My husband and I were just talking last night about this same topic(over our once a month dinner out!).We have been living a whole foods lifestyle for nearly a year(all free range, grassfed meats,raw local dairy, healthy fats, sprouted grains etc.)and while my husband and 2 littles(age 4 & 2) definatly notice a difference in how they feel(the 4 year old threw up once and the 2 yr old had diahrea recently after a wkend away from home eating junk!)I have never felt any different after eating ANY food.Does this mean that I am not as healthy? Also, we were discussing the fact that since changing the way we eat we have not seemed to notice that we really feel any better than before and are still always tired and sluggish(though only 32 and 25 yrs old). I am always reading about how people notice a drastic difference in how they feel and their energy level when changing to a whole foods lifestyle but that has never been the case with us. Would you have any thoughts or suggestions for me? I would greatly appreciate them! -Bobbie
Viki
This post was like a Light Bulb going off, that Ah Ha moment, a Thanks I needed that, kinda of thing.
Starting in May I started cutting out processed foods and eating real foods.
Now if I eat or drink some of those old "faux" foods they just don't taste good. When we do eat out, which is rare, I have noticed problems.

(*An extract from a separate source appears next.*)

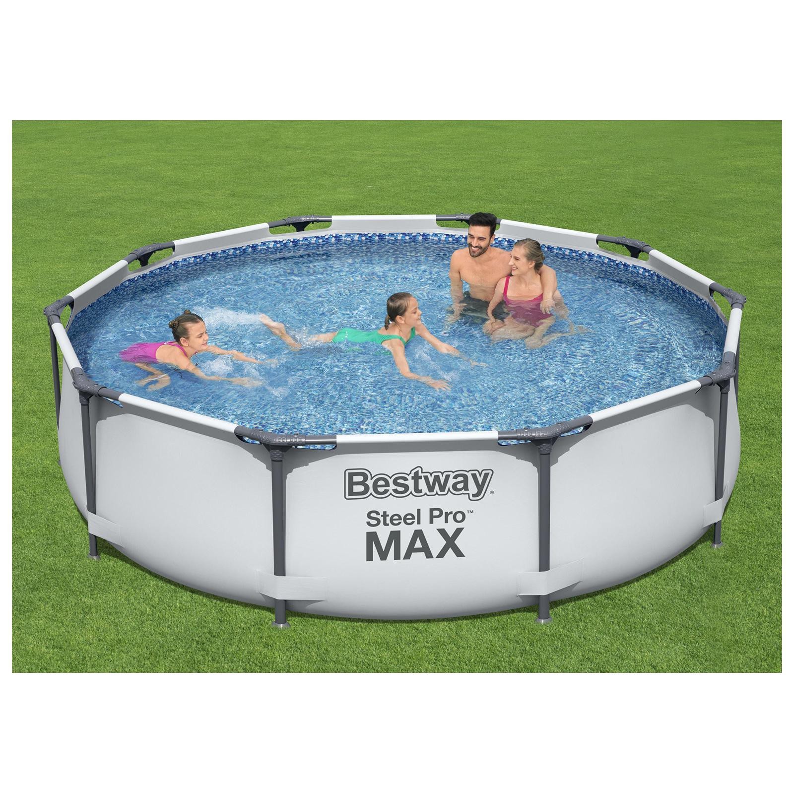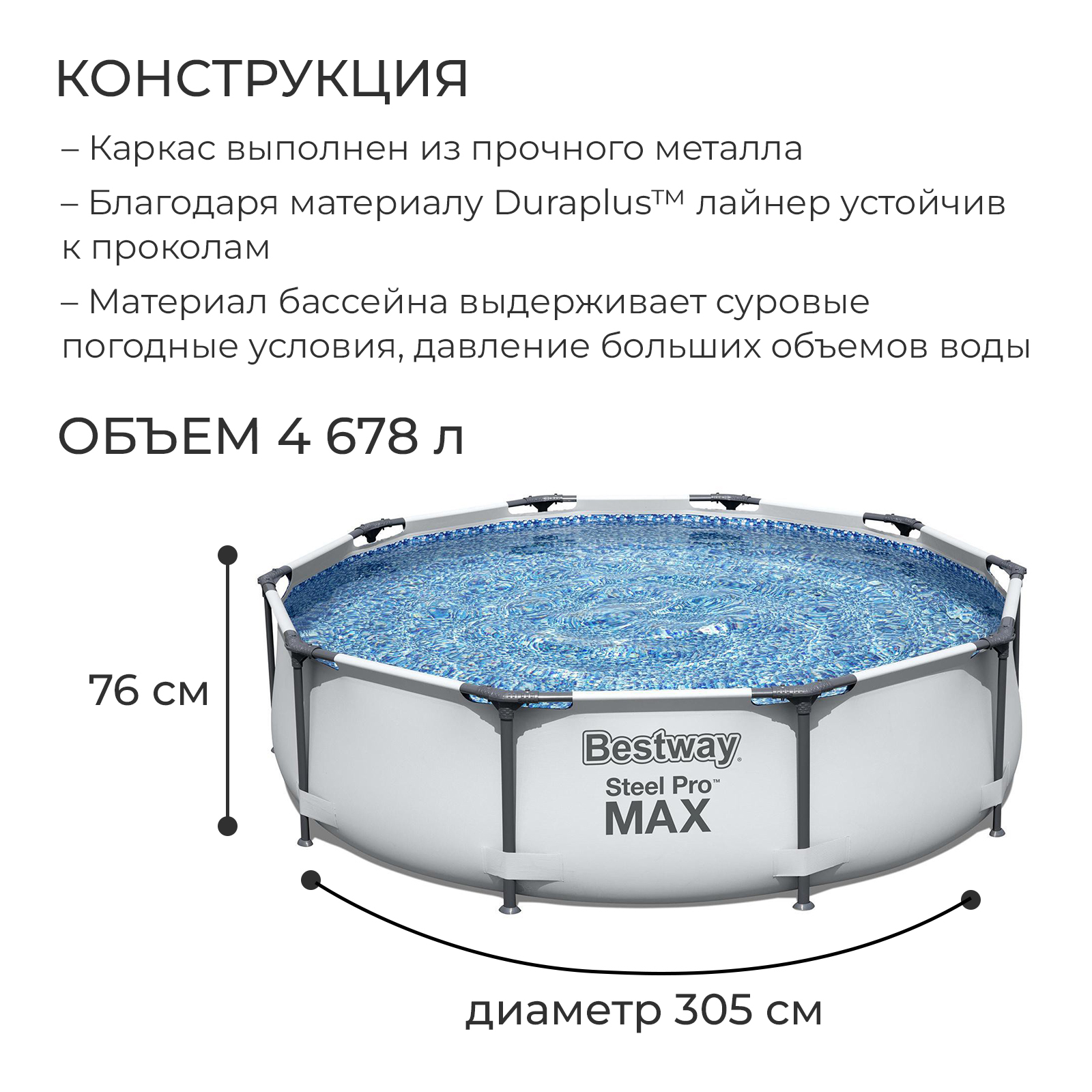 Бассейн каркасный steel pro max, 305 х 76 см, с фильтр-насосом, 56408 bestway. Бассейн быстро устанавливается благодаря простой системе сборки труб. Никаких дополнительных инструментов не требуется. Металлическая трубчатая конструкция удерживает давление воды в бассейне, сохраняя его устойчивость и стабильность во время использования. Бассейн необходимо установить на ровную поверхность, удалив предметы, которые могут повредить дно. Благодаря материалу Duraplus™ лайнер устойчив к проколам. Два слоя 3-слойного армированного ПВХ с полиэстеровой сеткой в центре повышают долговечность, устойчивость к ультрафиолетовым лучам. Высокая прочность материала и соединение швов выдерживают большие нагрузки. Технология Framelink System™ обеспечивает противокоррозионное действие между соединениями. Это уменьшает образование ржавчины. В комплекте к бассейну входит: фильтр-насос с картриджем. Конструкция Лайнер: изготовлен из Dura-plus™Боковые опорные ленты: изготовлены из Dura-plus™Дно: изготовлено из ПВХ Форма: Круглая Диаметр, см: 305 Длина, см: 305 Ширина, см: 305 Высота, см: 76 Наличие насоса: Да Тип фильтра для насоса: Фильтр-картридж Количество слоёв: 3 Производительность, л/ч: 1249 Объём, л: 4678 Тент: Нет Подстилка: Нет Лестница: Нет : 0 Диспенсер: Нет Наличие фильтр-насоса: Да  развернуть описание ▼

For years I've noticed that when we would go on a trip and we would be forced to eat more junk food as we traveled it would affect me horribly.
Now it happens at home, if we happen to eat that horrible food as well.
I'll need a new plan next time we visit relatives that's for sure.
Anonymous
Very helpful information. Thank you. Fortunately my husband prefers to stay home and eat at home. I am working on my talents, hopefully I do have some talents, in the cooking department. This way it will always be more interesting to eat at home and much safer. There are those rare times though when eating out can't be denied like you mentioned, 2 or 3 times a year. These are special times for us and my daughter loves it. But it is a challenge to know what to pick from the menu with all the knowledge I've been getting. Now I will know what is happening to us after we eat that way. My mother-in-law who doesn't get at all what I'm doing, brought store bought cake and terrible ice cream over day before yesterday. I thought, can't hurt once in a while, I really could have baked a cake though, I have eggs filling up my fridge. Yesterday I felt terrible all day. No energy, no motivation. Now I know why. Thank you.